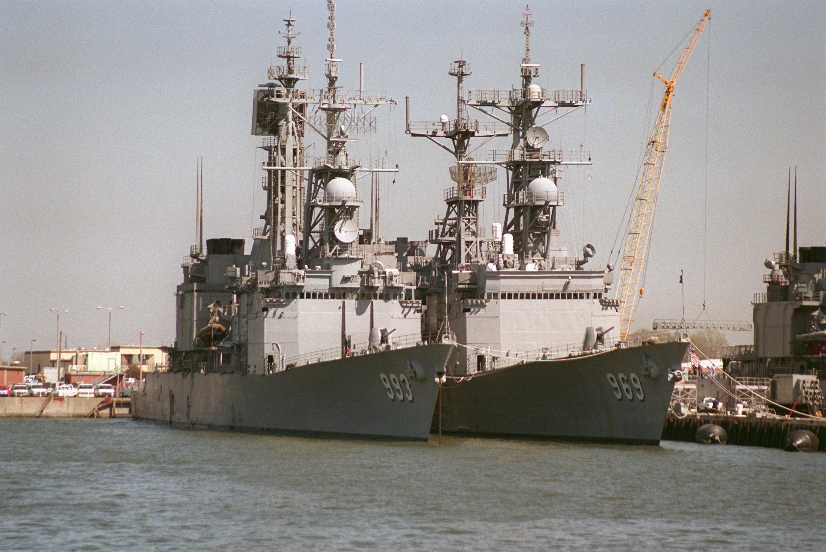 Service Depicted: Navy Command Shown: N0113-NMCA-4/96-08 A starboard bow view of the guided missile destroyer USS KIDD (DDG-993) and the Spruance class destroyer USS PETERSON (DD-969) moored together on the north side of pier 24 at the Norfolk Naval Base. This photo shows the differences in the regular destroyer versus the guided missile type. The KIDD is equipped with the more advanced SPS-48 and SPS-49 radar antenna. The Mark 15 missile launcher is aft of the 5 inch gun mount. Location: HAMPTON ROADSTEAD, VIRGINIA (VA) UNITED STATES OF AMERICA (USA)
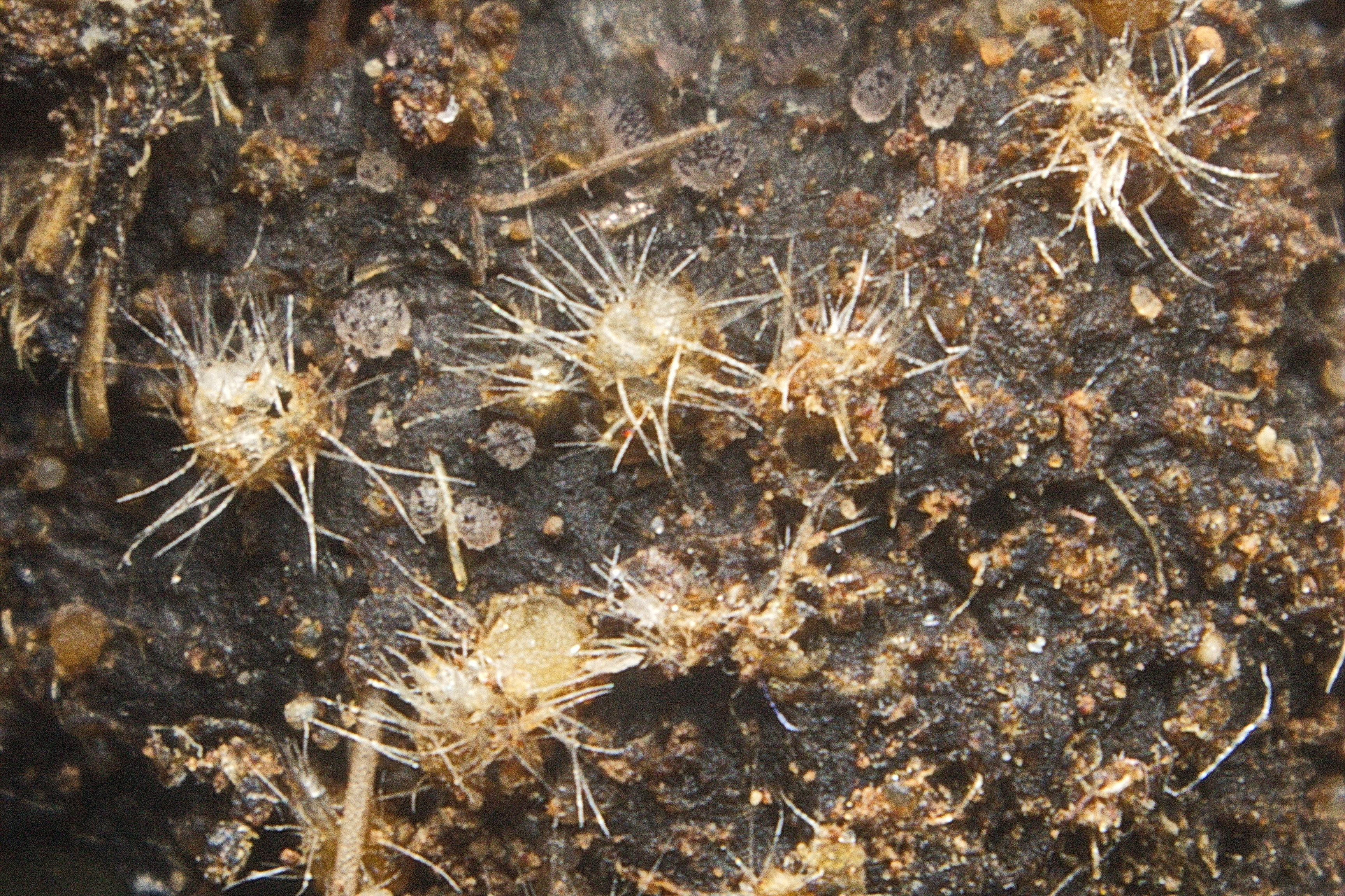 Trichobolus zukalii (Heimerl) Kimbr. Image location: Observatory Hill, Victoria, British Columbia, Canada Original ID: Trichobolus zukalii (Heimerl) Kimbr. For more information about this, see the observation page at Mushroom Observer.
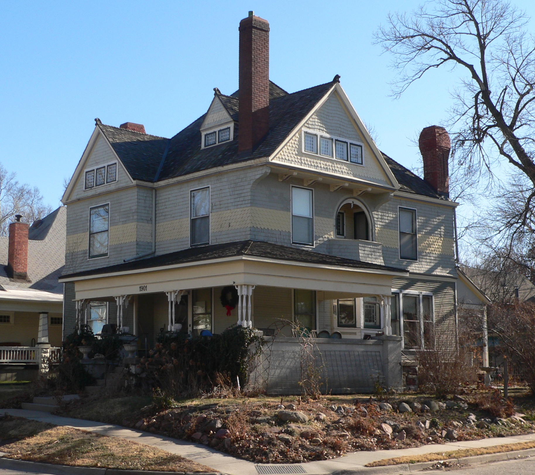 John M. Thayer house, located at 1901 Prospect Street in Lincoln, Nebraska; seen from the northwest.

====

● **To do**: Each line of the data must be transcribed exactly; pictures are not carried over.

● **Problem solution**:
 Service Depicted: Navy Command Shown: N0113-NMCA-4/96-08 A starboard bow view of the guided missile destroyer USS KIDD (DDG-993) and the Spruance class destroyer USS PETERSON (DD-969) moored together on the north side of pier 24 at the Norfolk Naval Base. This photo shows the differences in the regular destroyer versus the guided missile type. The KIDD is equipped with the more advanced SPS-48 and SPS-49 radar antenna. The Mark 15 missile launcher is aft of the 5 inch gun mount. Location: HAMPTON ROADSTEAD, VIRGINIA (VA) UNITED STATES OF AMERICA (USA)
 Trichobolus zukalii (Heimerl) Kimbr. Image location: Observatory Hill, Victoria, British Columbia, Canada Original ID: Trichobolus zukalii (Heimerl) Kimbr. For more information about this, see the observation page at Mushroom Observer.
 John M. Thayer house, located at 1901 Prospect Street in Lincoln, Nebraska; seen from the northwest.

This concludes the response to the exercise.